What does it mean to invest in cash?
InsightsWhat does it mean to invest in cash?
Sometimes, an investor will see a headline that mentions the word “cash.” Here are some examples just from the last year or so:
“Cash is king again.”
“Warren Buffett sits tight on cash.”
“No more ‘cash is trash’ billionaire hedge fund manager says.”
“How much of an investment portfolio should be in cash?”
Headlines like these often bewilder new investors. But even experienced investors sometimes wonder: “What does it mean to invest in cash?” After all, we don’t usually think of the word “cash” in relation to investing. For most people, cash is the stuff you keep in your wallet. So, what gives?
Fortunately, “investing in cash” is a fairly simple concept. It means to invest in a type of short-term security for a set period of time in exchange for one or more interest-rate payments.
Certificates of deposit (CDs), money market accounts, and treasury bills are three examples. These securities are known as “cash equivalent” investments, but the word “cash” alone is often used as an umbrella term to cover all the various types. That’s because these types of investments are very liquid.
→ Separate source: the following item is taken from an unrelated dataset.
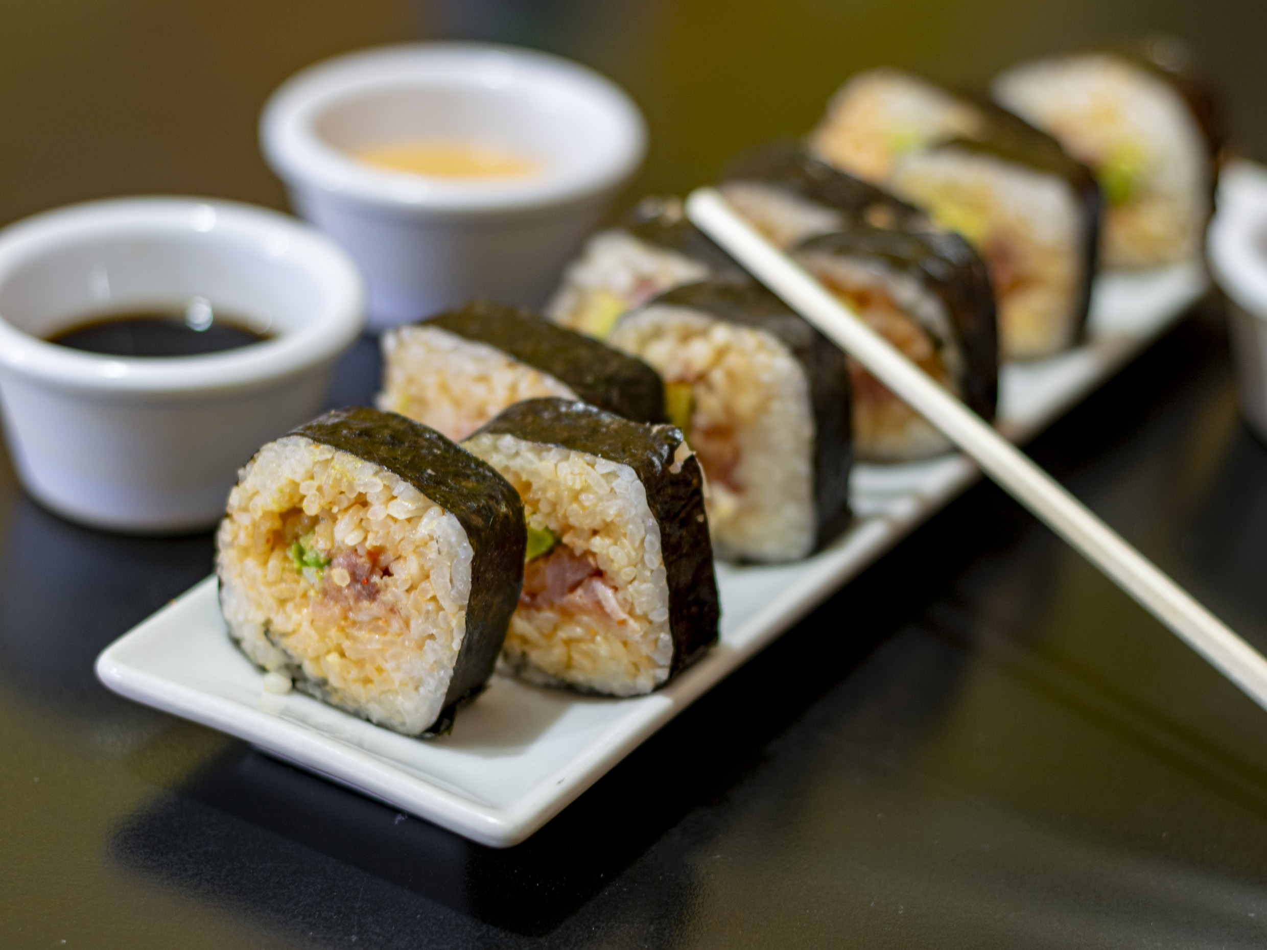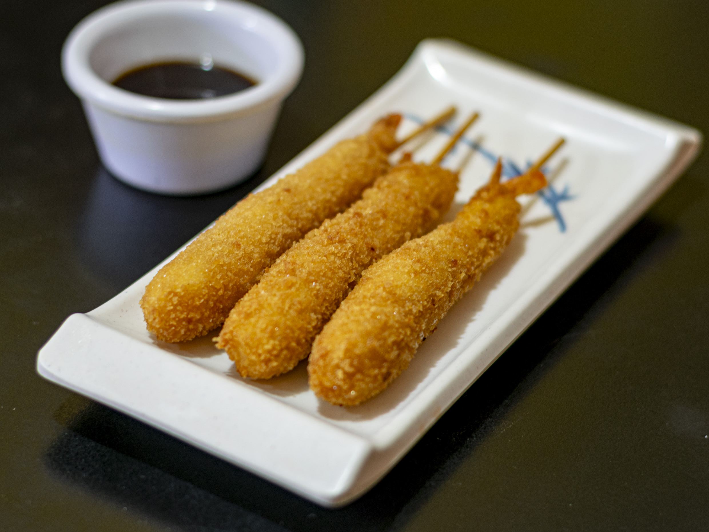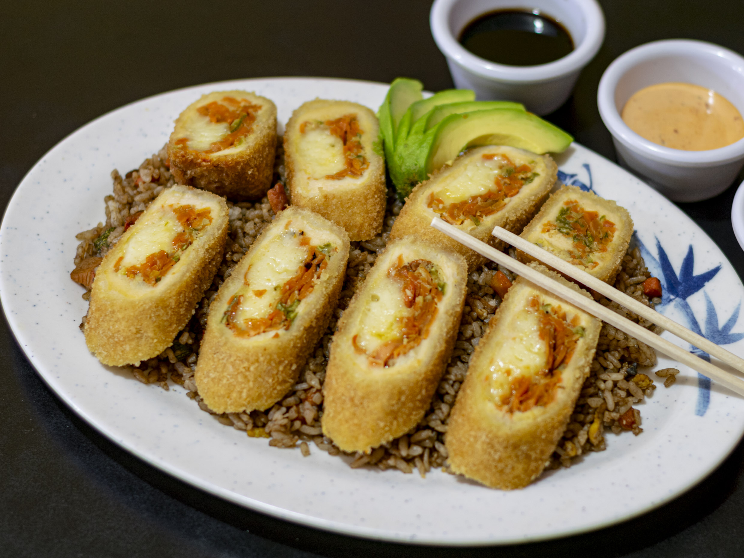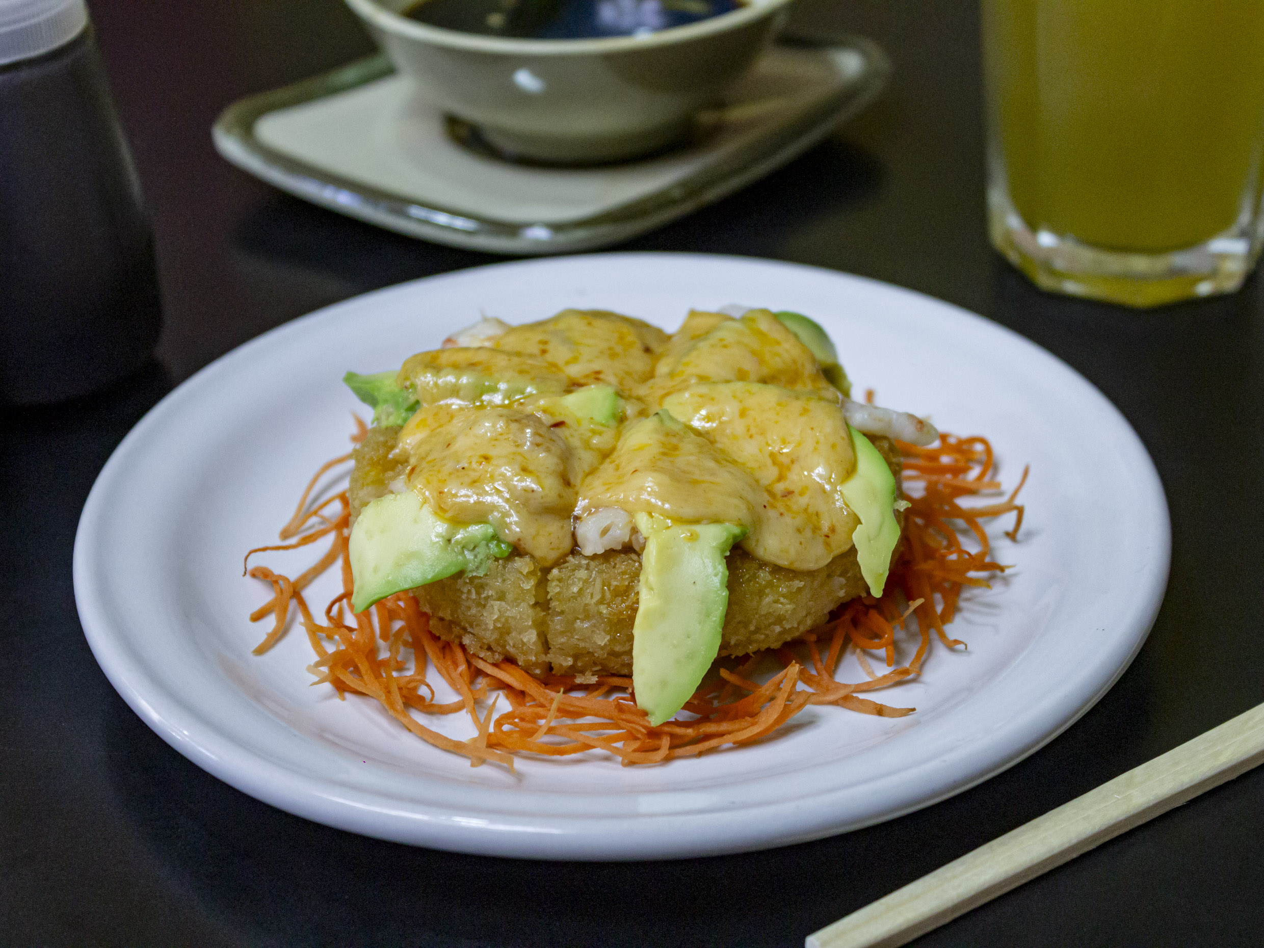 200grs 1 Bola de arroz empanizada rellena de queso Philadelphia, queso manchego, aguacate, camarón y salsa Tampico.

That means the funds inside them can be converted to actual cash – money you can spend at a moment’s notice – quickly and easily compared to stocks, bonds, or investment accounts like a 401(k) or IRA. (Stocks and bonds aren’t always easy to sell, and depending on the timing, you may sell for a lower amount than what you paid for. Meanwhile, withdrawing the money from an IRA or 401(k) before you retire can trigger financial penalties from the government.)
That’s why these types of securities are referred to as “investing in cash.” They still provide a return – hence the investing part – but also a level of liquidity close to actual, physical currency. Cash investments are handy if you have money that you:
1. Want to keep safe. Money markets and certificates of deposit are historically stable investments and are often insured up to a certain point by the federal government.
2. Want to earn a return on. In the form of interest rate payments, which are generally higher than with a basic savings account.
3. Want easy access to within a relatively short period of time. Most money markets invest in instruments with a maturity of six months or less. Treasury bills mature within one year or less. CDs, meanwhile, usually have a maturity of 6 months to a few years.
That said, there are some downsides to investing in cash. For one thing, if your focus is on growing your money, there are usually much better options. That’s why many investors often shun putting too much money into cash. They feel there are more productive ways to invest. And while they are very liquid compared to other securities, there are still penalties if you withdraw the money from a CD before maturity. (Money markets don’t have an early withdrawal penalty, but many banks and credit unions will charge monthly fees if the balance falls below a certain minimum.)
With all this in mind, why have we seen so many headlines about “cash” in recent years? It all has to do with interest rates. As you probably know, the Federal Reserve has been gradually hiking rates for much of the past two years to bring down inflation. When the Fed raises rates, banks and credit unions usually follow suit. As a result, some cash investments have been paying higher interest rates than normal. This, coupled with a volatile stock market, has caused cash to gain in popularity with some investors.
How long this trend continues is impossible to know. And it’s worth emphasizing that cash, like all securities, is an investment that is sometimes right for some people in some situations…not always right for all people all the time. So, if you’re interested in cash investments, be sure to talk about it with a qualified financial professional first to make sure it’s right for you. In the meantime, now you know what it means to “invest in cash.” Have a great month!